Posted by **vera** on Saturday, April 21, 2012 at 5:13pm.

A newspaper article stated that college students at a local university spent an average of $95 on beer a year. A student investigator who believed the average stated was too high polled a random sample of 50 students and found a mean of $92.25 and s = 10 Use these results to test at the .05 level of significance the statement made by the newspaper.

- Statistics -
**MathGuru**, Saturday, April 21, 2012 at 7:28pm
Use a one-sample z-test.

Hypotheses:

Ho: µ = 95 -->null hypothesis

Ha: µ < 95 -->alternate hypothesis

Formula:

z = (sample mean - population mean)/(standard deviation divided by the square root of the sample size)

With your data:

z = (92.25 - 95)/(10/√50) = ?

Finish the calculation.

Check a z-table at .05 level of significance for a one-tailed test.

If the z-test statistic exceeds the critical value from the z-table, reject the null.
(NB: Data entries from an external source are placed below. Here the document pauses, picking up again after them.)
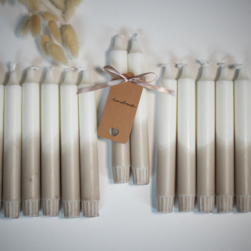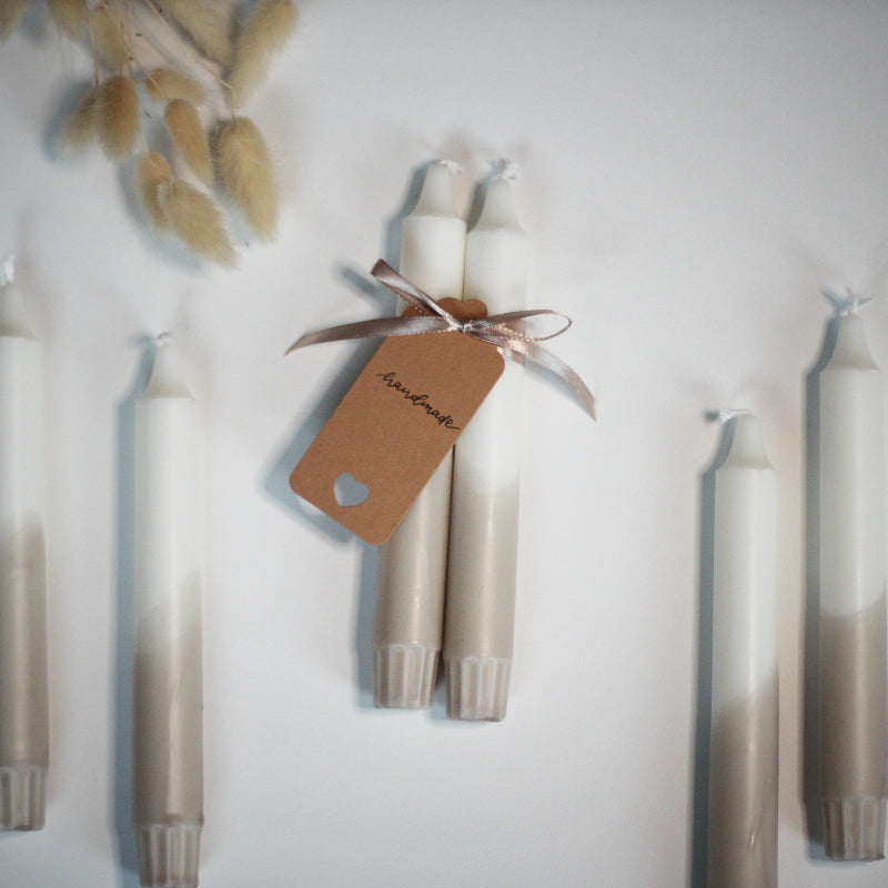 Diese Stabkerzen eignen sich hervorragend zum Verschenken oder dekorieren, denn durch die besondere und schlichte Optik passen sie in jedes Zuhause. Größe: 19 cmFarbe: weiß, beige/grauMaterial: KerzenwachsBrenndauer: ca. 6 Std.
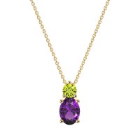 This Amethyst and Peridot Necklace is casted in 14k Yellow Gold. This Women’s Classic necklace features exceptionally fine gemstones, on par with those found in the world's most exclusive boutiques and among the top 10% available globally. Elegant Pendant Featuring A Stacked Design with A Prominent Oval Stone Beneath A Smaller Round Stone. Classic Design. This necklace comes with a complimentary 18-inch chain. Enjoy the confidence of our 30-day, stress-free return policy—with return shipping fully covered. Each piece is also accompanied by a Lifetime Warranty, ensuring lasting beauty and peace of mind.
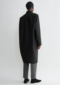 TOTEME coat constructed with generous back pleats that create extra volume for a sculptural effect. It is made from structured wool-blend felt including recycled fibers and finished with a concealed button front and flap pockets. Make it part of a monochromatic winter look. Details & Fit - Charcoal - Curved back, shoulder pleats - Concealed button placket, buttoned cuffs - Flap pockets, internal pocket - 70% wool recycled, 25% polyamide, 5% other fibers; lining: 100% viscose - Dry clean - Style number 251-WRO4312-FB0005 - The model is 178cm/510 tall and wears a size 36 - True to size, rounded silhouette
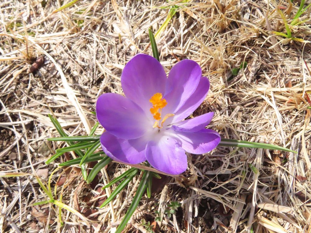紫色の「クロッカス」がポツリ、綺麗に咲いていました。 パチリ
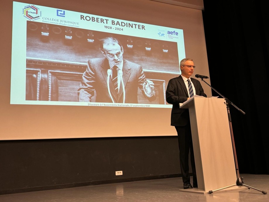 Pe 10 aprilie 2024, la Liceul Francez Anna de Noailles din București a avut loc un eveniment în semn de omagiu pentru Robert Badinter, în urma recentei sale dispariții. La eveniment au participat Excelența Sa domnul Nicolas Warnery, ambasadorul Franței în România, și domnul Michaël Koriche, atașat de cooperare educațională la Institutul Francez din București. Elevi de la Liceu și studenți de la Colegiul juridic (Ana-Maria Vodă (L1), Matei Trandafir (L2) și Ana Popescu (M1)) au susținut prezentări despre viața și activitatea lui Robert Badinter, în special despre contribuția sa la abolirea pedepsei cu moartea în Franța, despre luptele sale pentru menținerea păcii în Europa și despre contribuția sa la reconstrucția statului de drept în România prin participarea sa la elaborarea Constituției României din 1991. Robert Badinter, care a fost profesor emerit la Universitatea Paris 1 Panthéon-Sorbonne, ministru al justiției și președinte al Consiliului Constituțional, a avut o contribuție majoră la elaborarea Constituției României din 1991 și a fost un mare susținător al tranziției României spre democrație și al aderării la Uniunea Europeană. În acest sens, el este părintele spiritual al Colegiului juridic franco-român.
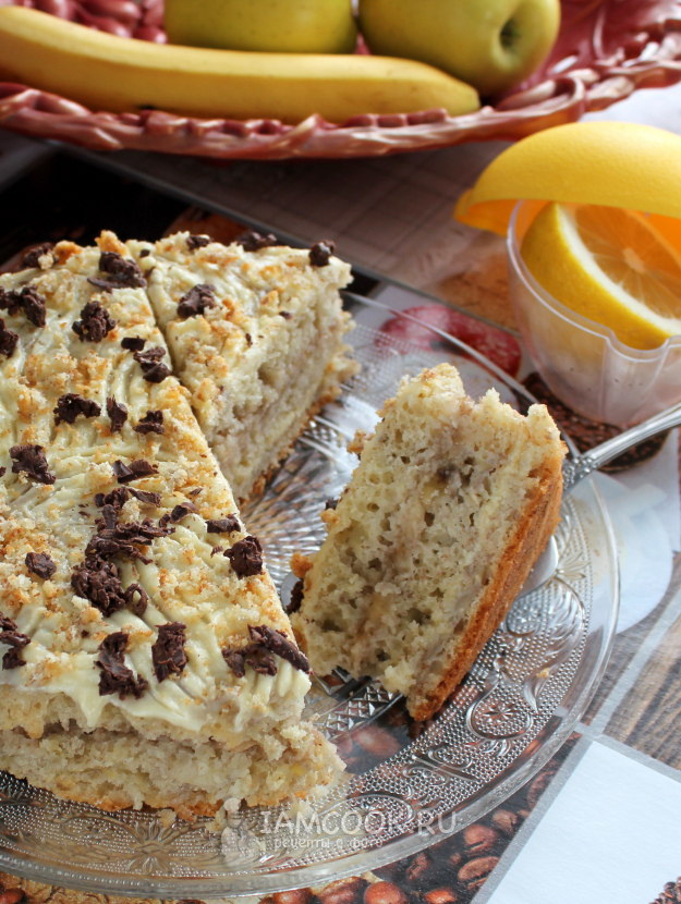 Приготовленный в мультиварке банановый торт нужно охладить, чтобы крем застыл, и можно подавать сразу же или на следующий день. Лимонный сок уменьшает потемнение банана, но все равно слой начинки будет темноватым.
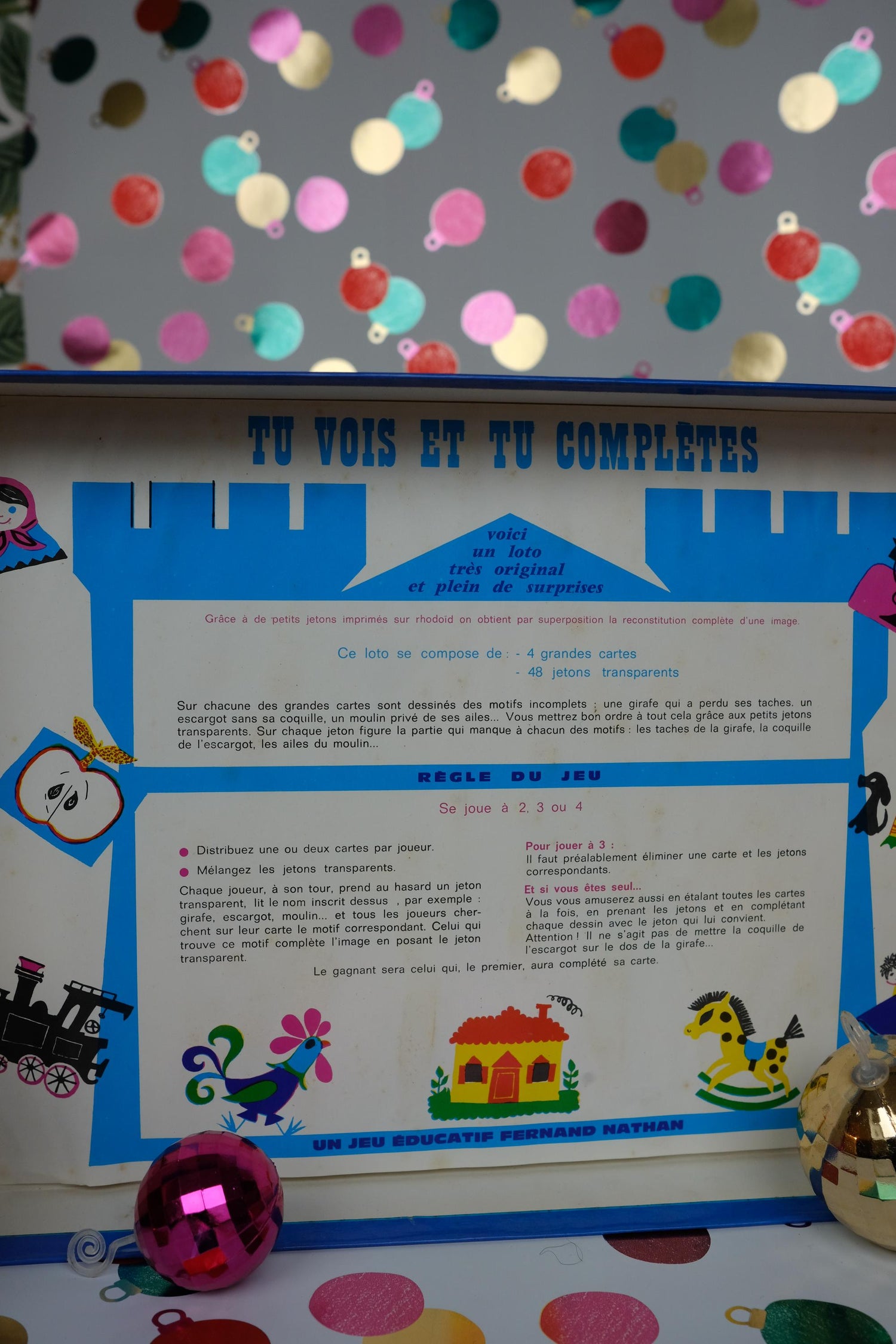 Jeu de loto Nathan "tu vois et tu complètes" complet et en très bon état.
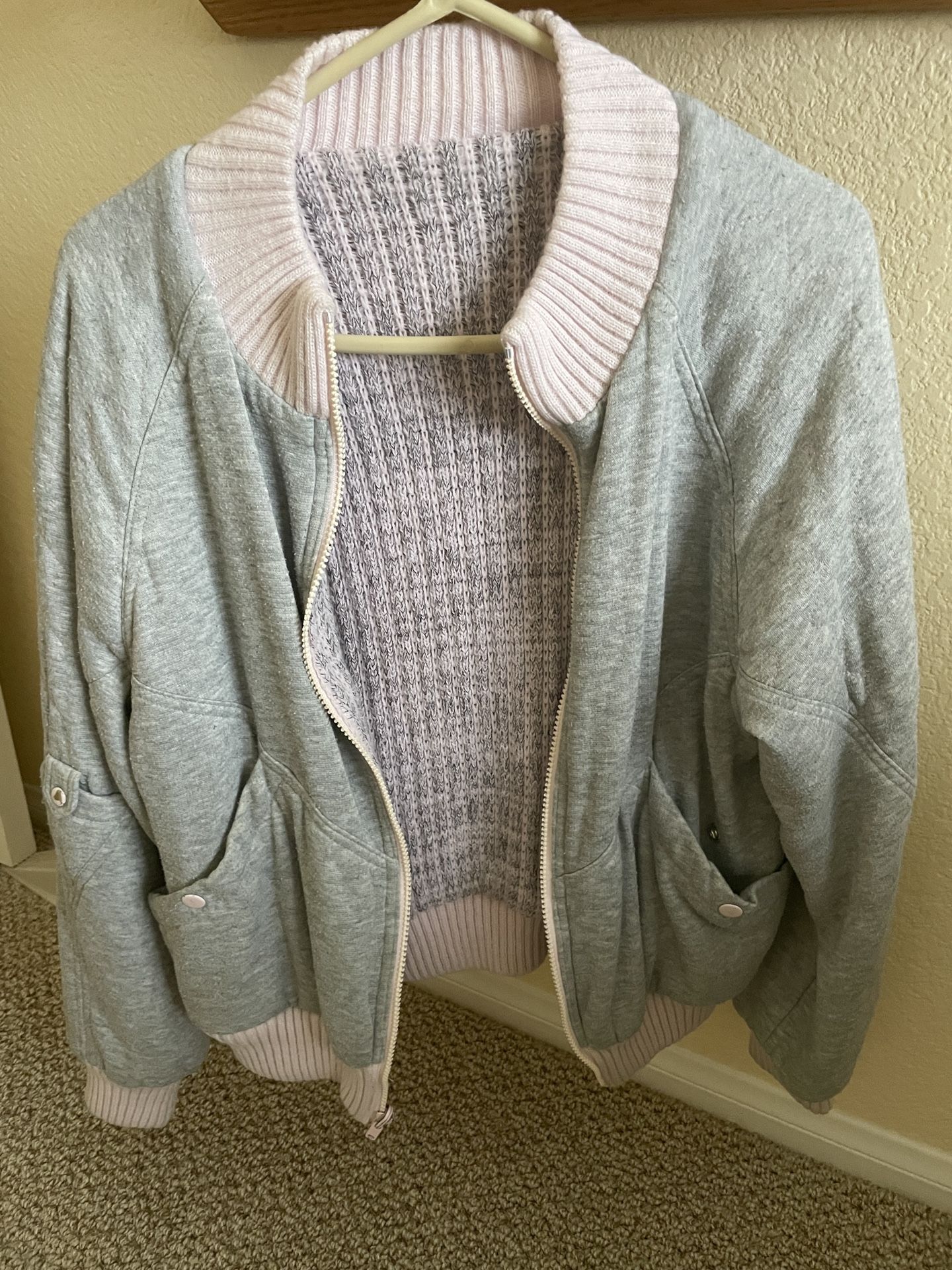 Women’s reversible fabric jacket in good condition. Pockets inside and out. Size M. $10
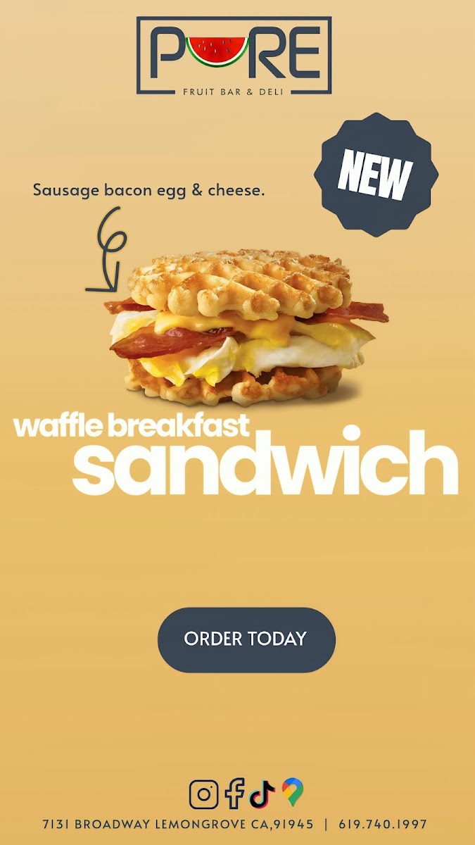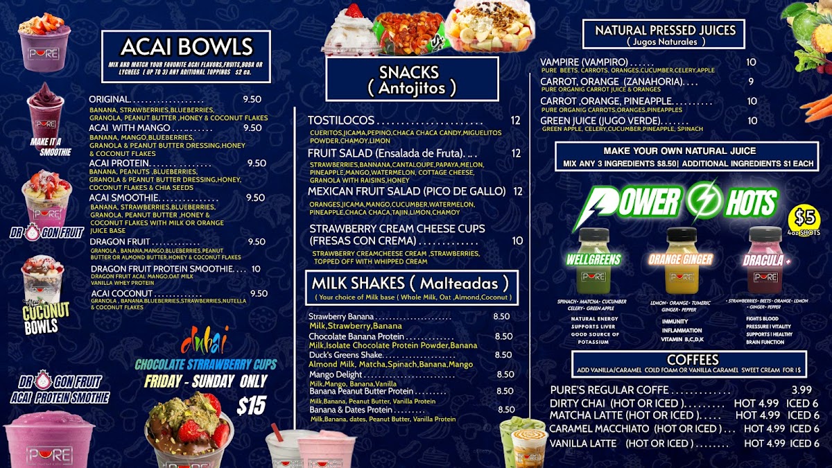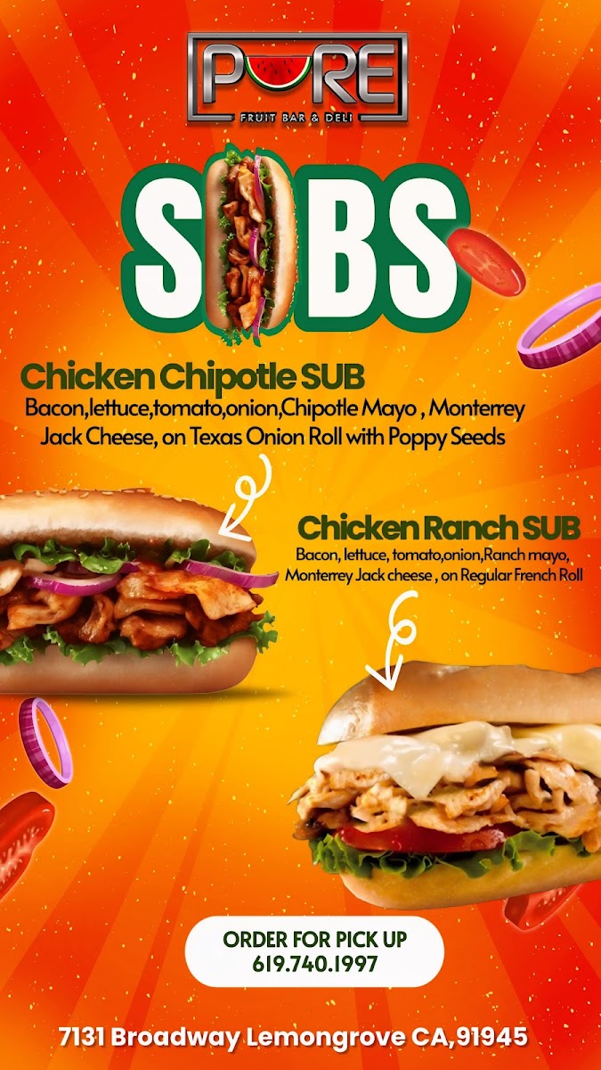 At Pure Fruit Bar & Deli, the menu offers a delightful variety of options perfect for any craving. For those in the mood for a hearty meal, the Clubhouse and Turkey Sandwich are standout choices, while the Tuna Melt and BLT provide classic comfort with a twist. If you’re craving something crunchy, the Jumbo Beef Hot Dog and Nachos with Cheese won’t disappoint. Breakfast lovers can indulge in the Muffin’ Delight or the Mini Pancake Platter, while the Jalapeno Cheddar Bagel offers a spicy kick.

If the z-test statistic does not exceed the critical value from the z-table, do not reject the null. If you reject the null, the conclusion will be µ < 95.

I hope this will help get you started.

- Statistics -
**stylists**, Monday, April 23, 2012 at 8:30pm
Need step by step format can't figure out, need an example:

two samples of data regarding salary of Co A and Co B determine if you can be 99% sure that Co?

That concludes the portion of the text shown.